FIG. 5C illustrates a side view of another embodiment of a flexible lead 162. Flexible lead 162 includes end portions 164a and 164b and a central portion 166. End portion 164a is flat and is connected to one side of central portion 166, and end portion 164b is flat and is connected to the other side of central portion 166. Central portion 166 is serpentine-shaped and includes a plurality of segments connected to each other at curved regions as indicated for example at 168. In this embodiment, central portion 166 includes six segments connected to each other. In other embodiments, however, central portion 166 may include any suitable number of segments connected to each other in a serpentine manner. In one embodiment, flexible lead 162 is used in place of flexible leads 112, 114, and 116 previously described and illustrated with reference to FIGS. 1A and 1B.

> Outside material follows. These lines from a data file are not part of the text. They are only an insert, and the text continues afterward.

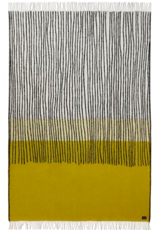
287 - Yellow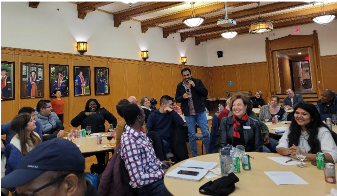
Photo: Last November, RRU students and CIC Victoria members came together for pizza, refreshments and to listen to and reflect on the presentation Reflections on Canada...Past, Present and Future .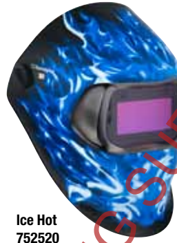
Ice Hot 752520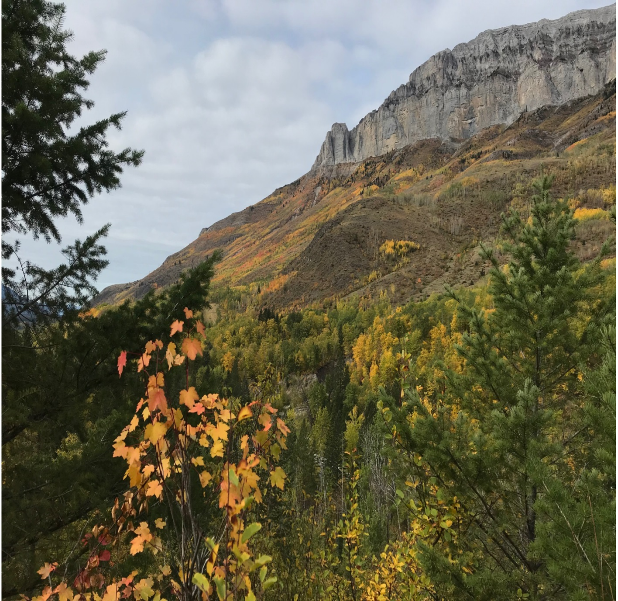
Wigwam Flats AMA – China Wall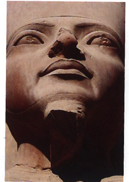
Skilled artisans created this sculpture of the Egyptian sun god Amon-Re.

◀ Festivals brought together ancient Egyptians of every social class.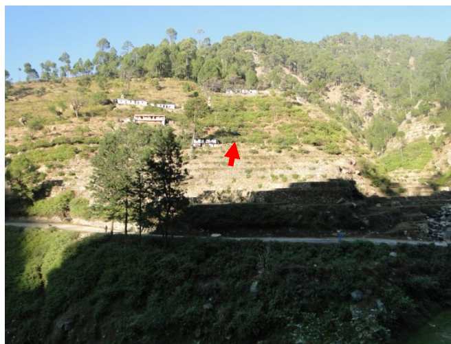
A view of propose site and slope of the site from left bank of the Udri gad

General slope of the proposed site is 20°-25°, hill side slope from proposed site trending 25°-30°, downhill slope trending 20°-25° towards S 10°W direction.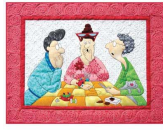
Exhibit Hall Department C Creative Arts (Continued)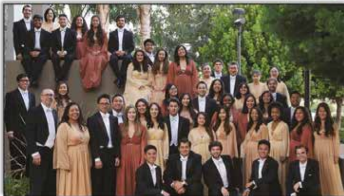
La Sierra University Choir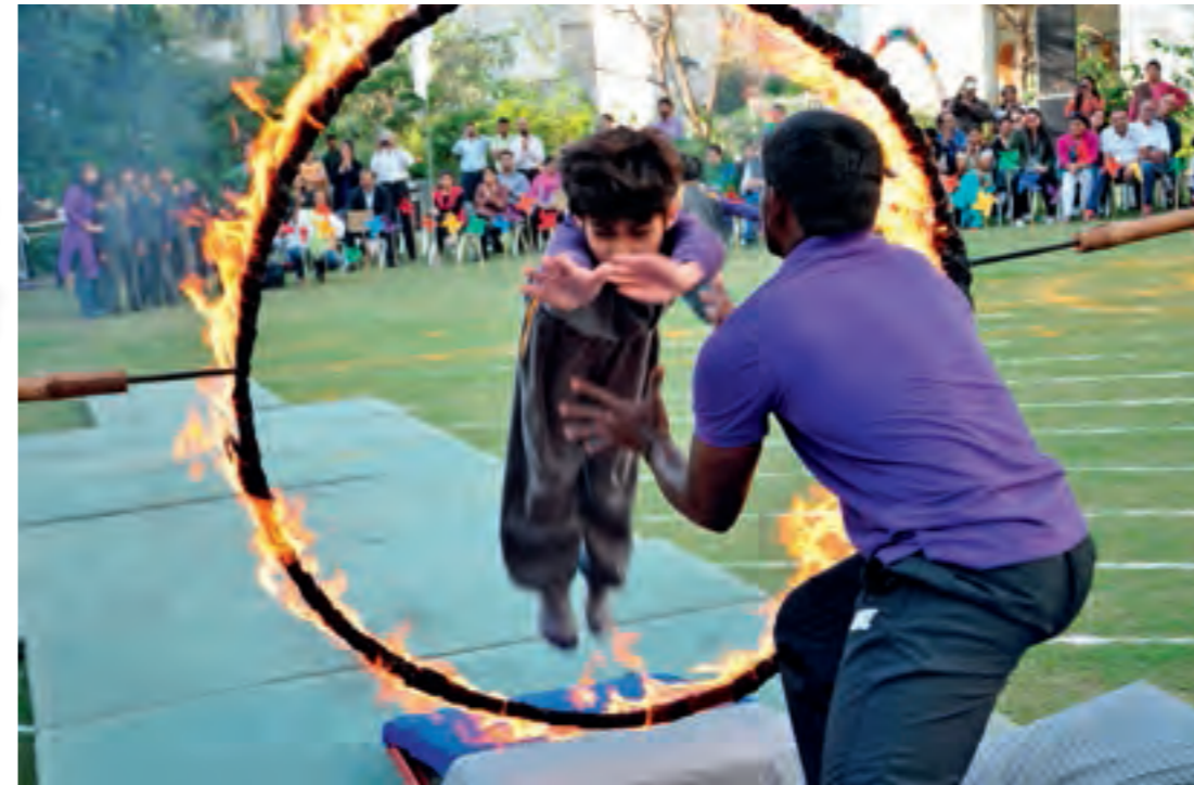
Children fearlessly somersaulted through the fire ring as part of Khel Utsav demonstrations

Gymnastics skills... Passing through the Fire Ring during Khel Utsav... Participation in Raahgiri, an outdoor initiative taken by people living in Gurgaon... Interaction with the children of 'Radiant kids', an informal school at Jharsa Village, where over 200 less privileged children, aged between 2.5 to 18 years are receiving educational, remedial, extracurricular and life skill inputs on a regular basis

While FIGS. 5A-5C illustrate three embodiments of flexible leads having different shapes, the flexible leads may have any suitable shape that enables the leads to be flexible.
FIG. 6A illustrates a side view of one embodiment of a semiconductor device 200a coupled to a Printed Circuit Board (PCB) 202. Semiconductor device 200a is surface mounted onto a flat PCB 202. Semiconductor device 200a includes a mold material 204 encapsulating a semiconductor chip and portions of flexible leads 206a, 208a, and 210a. Flexible leads 206a, 208a, and 210a are flat and comprise an elastic or softening material. In one embodiment, flexible lead 206a is electrically coupled to a drain electrode, flexible lead 208a is electrically coupled to a source electrode, and flexible lead 210a is electrically coupled to a gate electrode of a MOSFET semiconductor chip encapsulated by mold compound 204. In another embodiment, flexible lead 206a is electrically coupled to a collector electrode, flexible lead 208a is electrically coupled to an emitter electrode, and flexible lead 210a is electrically coupled to a base electrode of an IGBT semiconductor chip encapsulated by mold compound 204.

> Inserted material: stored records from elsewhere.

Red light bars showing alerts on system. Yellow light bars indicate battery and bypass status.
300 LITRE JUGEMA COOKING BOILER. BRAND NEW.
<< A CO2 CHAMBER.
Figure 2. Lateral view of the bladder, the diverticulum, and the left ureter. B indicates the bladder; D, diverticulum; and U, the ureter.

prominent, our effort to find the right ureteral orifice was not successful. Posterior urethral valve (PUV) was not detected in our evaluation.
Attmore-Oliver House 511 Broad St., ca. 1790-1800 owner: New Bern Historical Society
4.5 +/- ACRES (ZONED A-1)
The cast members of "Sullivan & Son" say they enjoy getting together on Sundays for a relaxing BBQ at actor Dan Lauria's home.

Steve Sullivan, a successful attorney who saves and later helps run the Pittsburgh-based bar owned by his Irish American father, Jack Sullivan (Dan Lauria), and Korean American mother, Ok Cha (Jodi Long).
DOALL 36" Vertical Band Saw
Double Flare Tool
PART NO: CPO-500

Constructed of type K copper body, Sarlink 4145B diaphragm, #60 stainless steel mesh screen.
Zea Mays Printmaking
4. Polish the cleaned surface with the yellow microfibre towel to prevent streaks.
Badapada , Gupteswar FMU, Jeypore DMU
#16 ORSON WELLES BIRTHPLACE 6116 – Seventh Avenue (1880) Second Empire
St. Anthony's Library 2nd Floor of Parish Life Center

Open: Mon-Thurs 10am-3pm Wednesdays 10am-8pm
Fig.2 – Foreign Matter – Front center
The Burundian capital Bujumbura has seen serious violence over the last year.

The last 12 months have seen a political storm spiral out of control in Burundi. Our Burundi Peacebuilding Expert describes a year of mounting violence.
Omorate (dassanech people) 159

FIG. 6B illustrates a side view of one embodiment of a semiconductor device 200b coupled to a PCB 202. Semiconductor device 200b is similar to semiconductor device 200a previously described and illustrated with reference to FIG. 6A, except that semiconductor device 200b includes flexible leads 206b, 208b, and 210b. Flexible leads 206b, 208b, and 210b are pre-formed and include a curved portion that in one embodiment gives flexible leads 206b, 208b, and 210b a spring-like characteristic. In other embodiments, flexible leads 206b, 208b, and 210b comprise an elastic or softening material.
FIG. 7A illustrates a side view of one embodiment of semiconductor device 200a coupled to a flexible PCB 220. Flexible PCB 220 is curved and flexible leads 206a, 208a, and 210a and mold compound 204 flex to match the curvature of flexible PCB 220. Flexible leads 206a, 208a, and 210a and mold compound 204 flex without damaging flexible leads 206a, 208a, and 210a or mold compound 204.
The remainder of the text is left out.